*** MATERIAL SUPPLIED

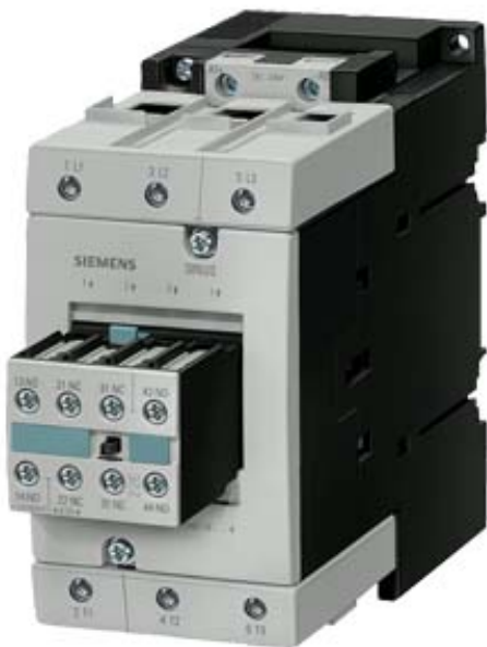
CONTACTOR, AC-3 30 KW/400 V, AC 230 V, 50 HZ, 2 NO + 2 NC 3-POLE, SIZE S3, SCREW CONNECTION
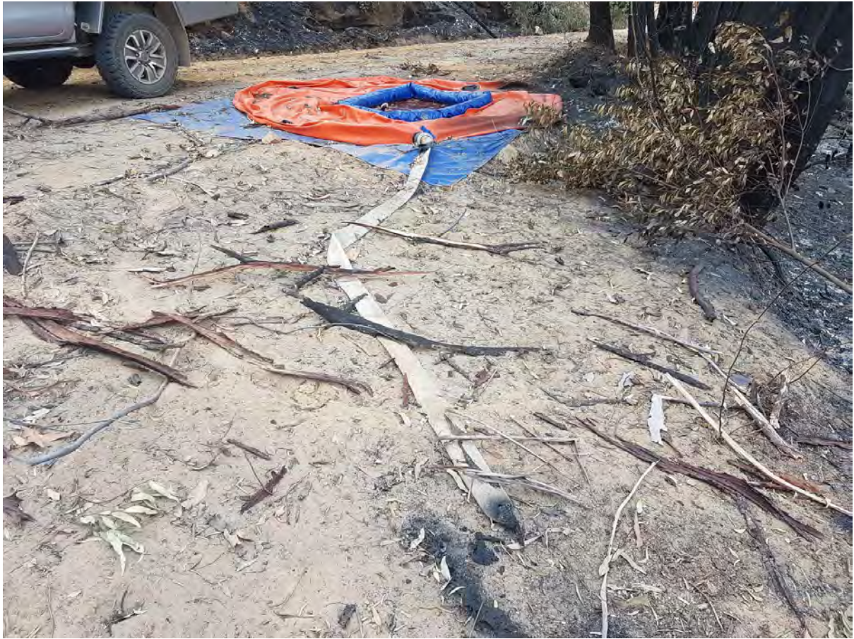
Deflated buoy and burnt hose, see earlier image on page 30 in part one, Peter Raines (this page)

******
*** MATERIAL SUPPLIED

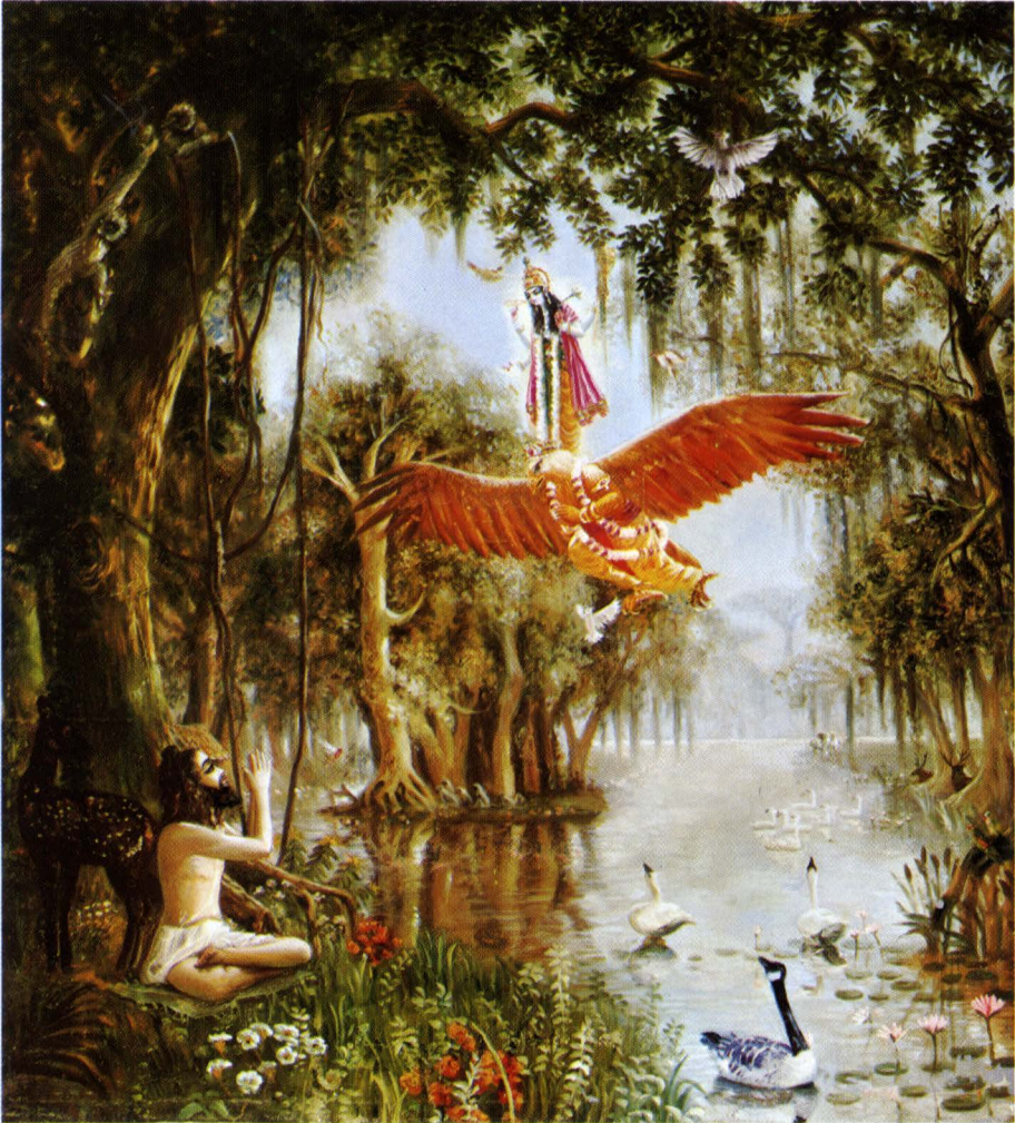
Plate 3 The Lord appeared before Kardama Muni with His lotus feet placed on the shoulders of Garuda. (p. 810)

******

> _TASK STATEMENT_:
Pictures in the entries do not go into the copy. Print only the lines starting at the one containing "CONTACTOR, AC-3 30" and ending at the one containing "Deflated buoy and", exactly as they appear.

> _OUTPUT BELOW_:
CONTACTOR, AC-3 30 KW/400 V, AC 230 V, 50 HZ, 2 NO + 2 NC 3-POLE, SIZE S3, SCREW CONNECTION
Deflated buoy and burnt hose, see earlier image on page 30 in part one, Peter Raines (this page)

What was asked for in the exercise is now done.